BOGOTÁ, 9 ene (Xinhua) -- El presidente colombiano, Gustavo Petro, rechazó este viernes la propuesta formulada por Néstor Gregorio Vera, alias "Iván Mordisco", máximo jefe de una de las facciones de las disidencias de las FARC, quien llamó a los grupos armados ilegales de Colombia y de la región a conformar una alianza para frenar las acciones bélicas de Estados Unidos y su presunta intención de controlar América Latina y el Caribe.

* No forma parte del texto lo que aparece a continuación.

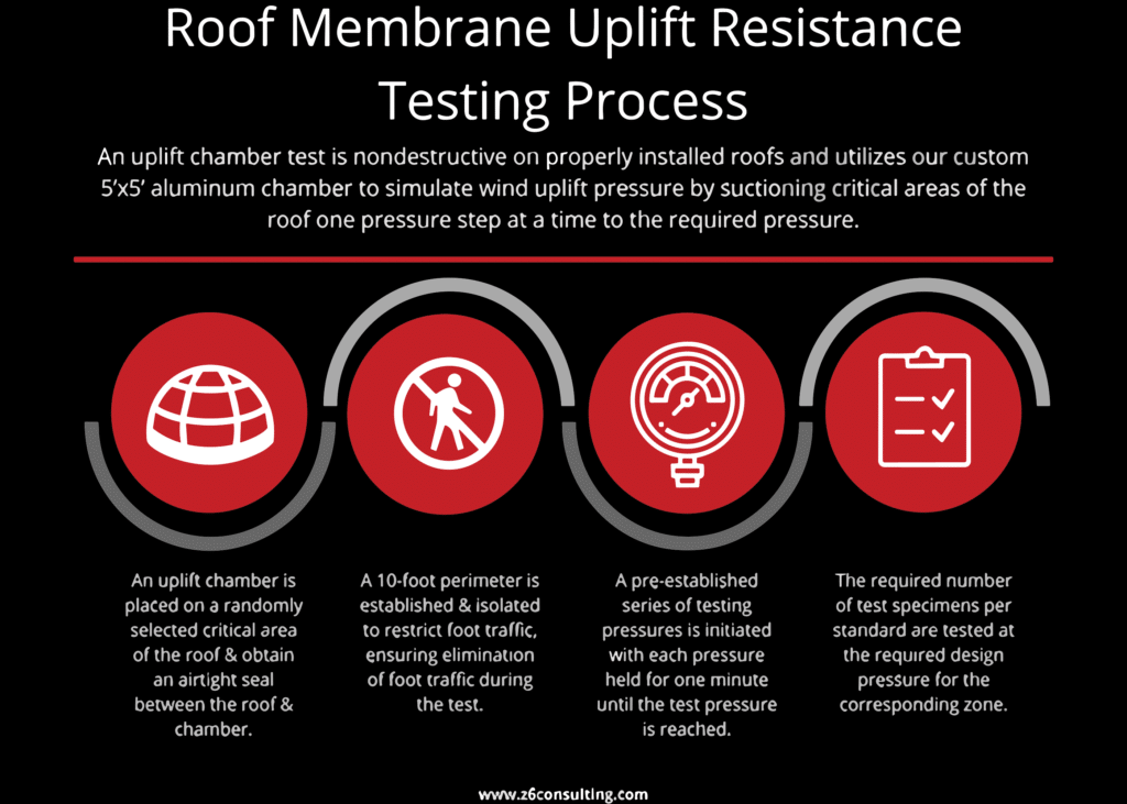The goal of roof uplift testing is to measure the upward force (caused by wind) your building’s roof is capable of withstanding. While several protocols are used, the test method applies to those with or without rigid board insulation or base ply, which are either adhered or mechanically fastened, and fully adhered membranes.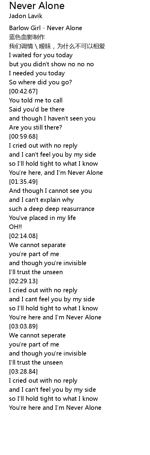 | [01:22.71] | You' re here, and I' m Never Alone |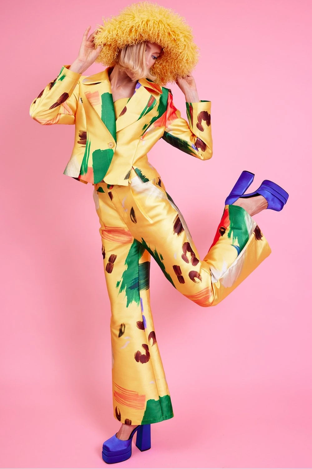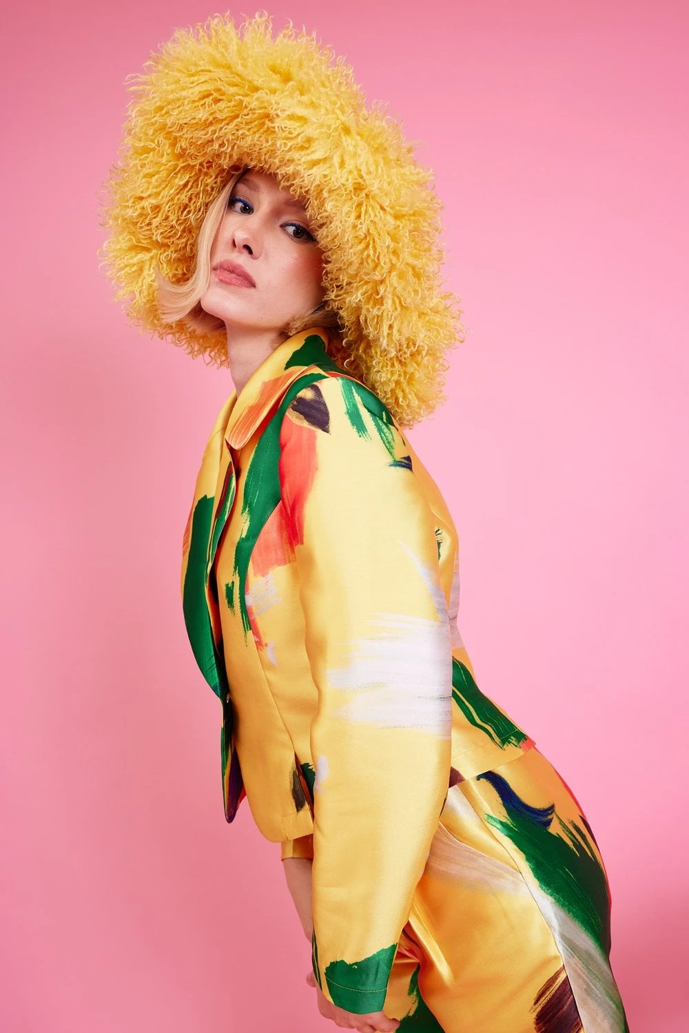 JAYLEY Yellow Oversized Bamboo Fur Hat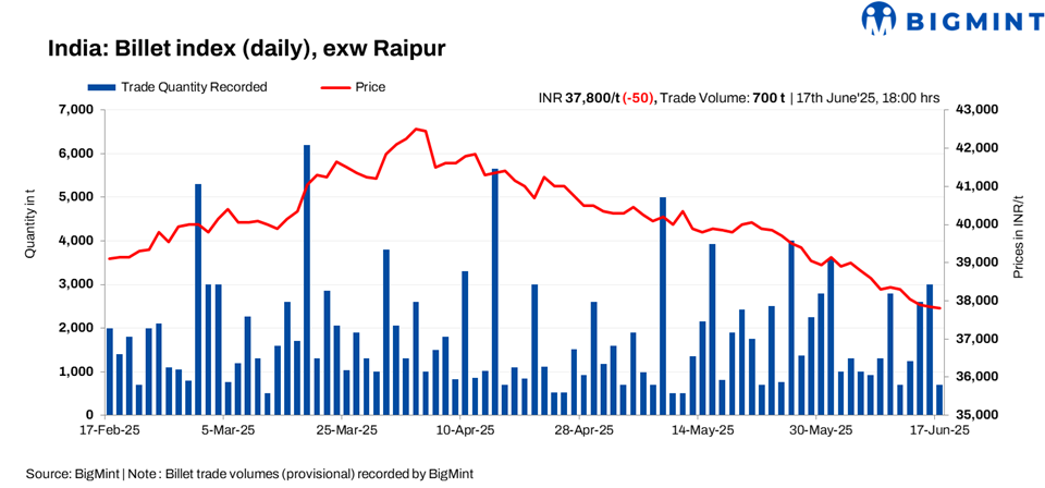 BigMint’s daily billet index edged down by INR 50/tonne (t) day-on-day, settling at INR 37,800/t exw-Raipur on 17 June 2025, as market activity remained muted amid fading buying interest.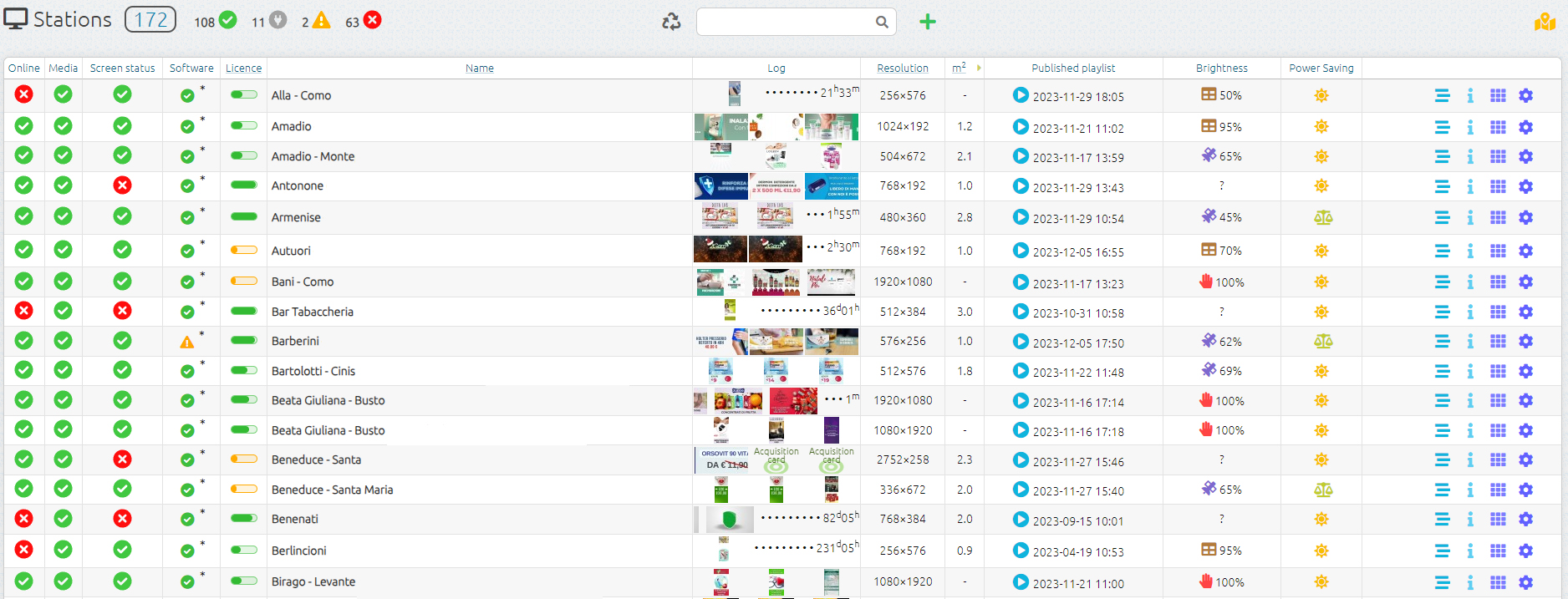 From the Home page, you can monitor the status of every online station (player), update their content and scheduling, and access additional information such as log files, screenshots, system specifications, operating system details, brightness levels, and more.
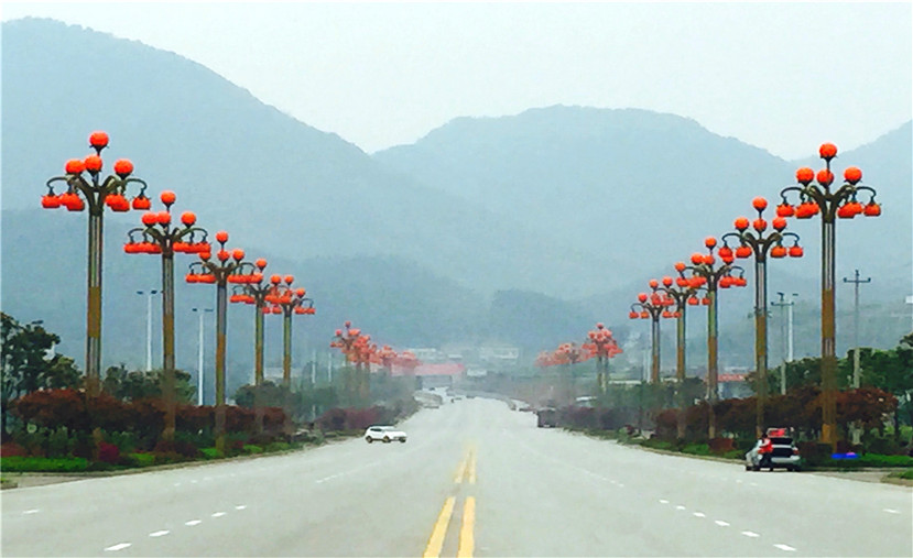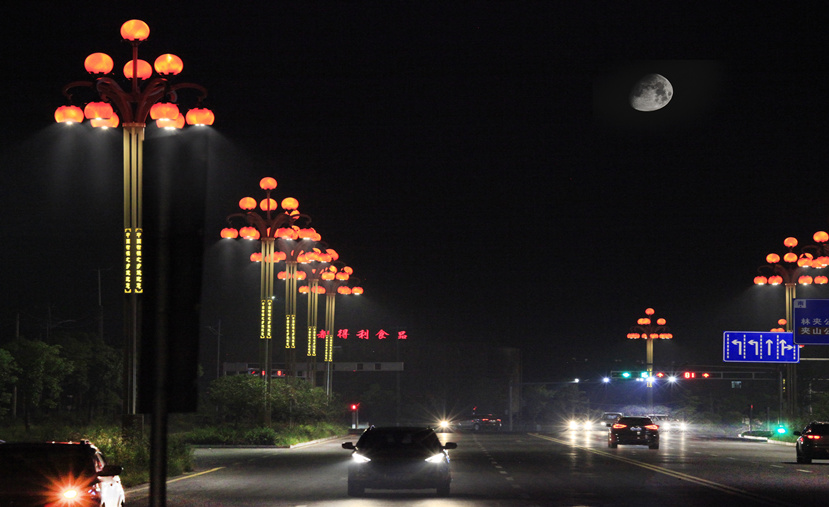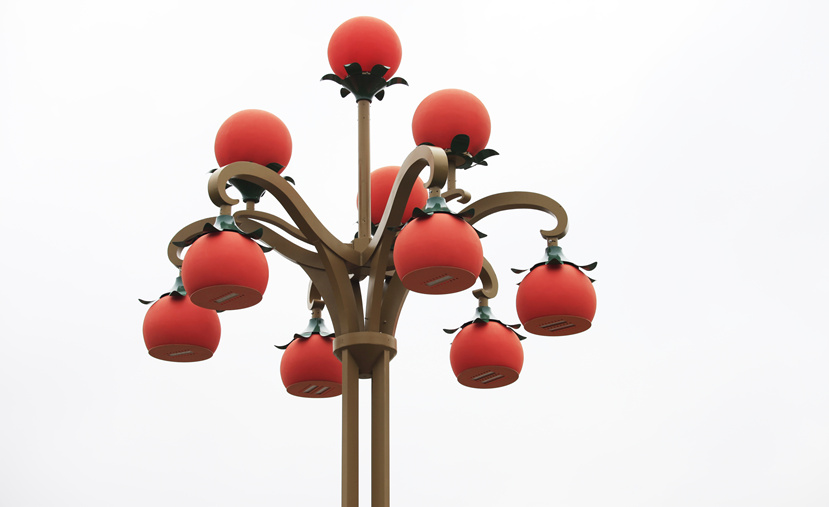 柑橘景观路灯“硕果累累”别致秀美,一方面,在保证功能照明的前提下,提炼柑橘的形态作为灯具的主体设计元素,诠释了石门独特的地域特色。日间灯具以景观雕塑的形态呈现,给人以美的享受。夜晚灯光闪烁渲染,更添了一份别样的美感,进一步增强了道路照明的景观性、趣味性和文化性,大大地提升了城市形象,使城市面貌焕然一新。另一方面,硕果累累的“果实”也寄托着石门县人民对丰收的期盼和对美好生活的向往。
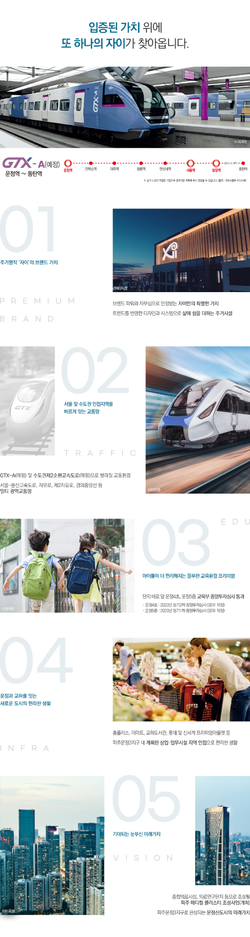 입지 특징으로는 수도권 광역급행철도A(GTX-A) 노선을 주목할 만합니다. GTX-A 노선 운정역(이름 미정)이 단지 인근에 조성될 예정인 만큼 우수한 서울 접근성을 기대할 수 있습니다. 내년 하반기 부분개통을 목표로 GTX-A 노선 운정역 ~ 서울역 구간 공사가 진행 중입니다. 업계에 따르면 해당 노선 개통 시 운정역에서 서울역까지 걸리는 시간은 약 18분입니다. 다른 교통망으로는 서울 ~ 문산 고속도로와 자유로, 제2자유로 등의 진입이 용이합니다.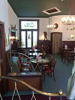 Die Familie Fischer ließ nach dem Erwerb des Hauses den Bereich des ehemaligen Möbelgeschäft zu einem Café umbauen, das 1920 unter dem Namen „Café Eulenspiegel“ öffnete und durch den Konditormeister Heinrich Fischer betrieben wurde. Dieser war ein Sohn des Landwirtes Karl Fischer und stammte aus dem sogenannten „Kalten Hof“ in Warburg, Paderborner Tor 123, Nähe Schützenplatz.[10] Das Café entwickelte sich über drei Generationen zu einem der führenden Kaffeehäuser der Stadt und warb unter anderem damit, dass dort auch „Nederlands gesproken“ wurde. In den 1950er Jahren wurde die zehn Stufen hohe, zweiläufige Freitreppe vor der Wohnhaustür entfernt und der Aufgang nach innen in den Flur gelegt. In den 1970er Jahren erfolgten zeittypische Modernisierungsmaßnahmen. Dabei wurde u. a. die rechts von der Wohnhaustür gelegene Backstube mit den zugehörigen Fenstern auf das niedrigere Niveau des Gastraumes heruntergesetzt, der zugehörige Teil des Gebäudesockels entfernt und Fassadenverkleidungen im Cafébereich angebracht. Anfang 2017 wurde das Café vom letzten Betreiber Heinrich Wilhelm Fischer jun. und seiner Frau Gundula, geborene Konerding, geschlossen. Die in einem schlichten Stil der 1920er bis 50er Jahre mit leichten Anklängen an die Rokokozeit gestaltete Inneneinrichtung ist noch erhalten.
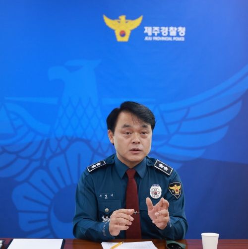 고평기 제주경찰청장이 15일 청 기자실에서 취임 후 첫 기자간담회를 갖고 캄보디아발 감금·폭행 등에 대한 수사 상활을 설명하고 있다. 제주경찰청 제공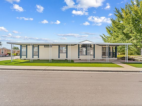 This 3-bed, 2-bath home in the highly desirable 55+ Westport Village Adult Park in SW Visalia, CA offers comfortable, worry-free living in a fantastic location. Situated on a corner lot, you'll immediately be drawn to the charming covered front porch and the convenient storage shed. Since the original listing, the seller has refreshed the exterior with a full paint job (including all doors) and replaced the guest bathroom's shower with a new model. Step inside to a spacious living room that flows into a cozy breakfast nook ideal for everyday meals or casual entertaining. The kitchen offers generous counter space and storage, making meal prep effortless. Two guest bedrooms share a well-appointed full bath, and the primary suite is a standout, featuring a soaking tub, a separate step in shower, and a large closet. Residents enjoy access to community amenities such as a park, pool, and clubhouse perfect for staying active and social. Located in Southwest Visalia, CA, this home gives you the convenience of being close to local shopping, services, and the easygoing charm of the Visalia area.

"La alianza que propone el señor Iván Mordisco no defiende a Venezuela ni a Colombia ni a América Latina; al contrario, son la excusa de la invasión, y hasta dineros oscuros corren para sabotear las elecciones e impedir la libertad electoral", escribió Petro en su cuenta de la red social X.
El mandatario colombiano señaló que a pesar de la "turbulencia" generada por el ataque lanzado el pasado 3 de enero por fuerzas militares de Estados Unidos contra varios puntos de Venezuela, los ejércitos latinoamericanos deben unirse "para sacar de nuestros países esta excusa que no hace bien a nadie", al referirse al narcotráfico.
"El narco debe ser desarmado y reducirlo. América Latina debe defenderse de cualquier actor que la desestabilice y eso implica la unidad de sus pueblos, de sus armas y de sus estados", expresó Petro.
El presidente colombiano insistió en que "los narcotraficantes armados deben ser derrotados por los pueblos unidos a sus estados".
Petro añadió que invitó a la presidenta encargada de Venezuela, Delcy Rodríguez, para actuar "juntos en este objetivo".
Alias "Iván Mordisco" reapareció la víspera en un video en el que realiza un llamado a varias organizaciones armadas ilegales para conformar una alianza en respuesta a lo que describe como una amenaza regional tras la reciente operación militar de Estados Unidos en Venezuela, que culminó con la captura del presidente Nicolás Maduro y su esposa Cilia Flores.
En tanto, Alejandro Carranza, abogado del mandatario colombiano, aseguró a medios locales que Petro ordenó denunciar ante la Corte Penal Internacional (CPI) a "Iván Mordisco", al considerar que se agotó el derecho doméstico y las oportunidades para el líder guerrillero, considerado por el Gobierno colombiano como una amenaza para el país y la región.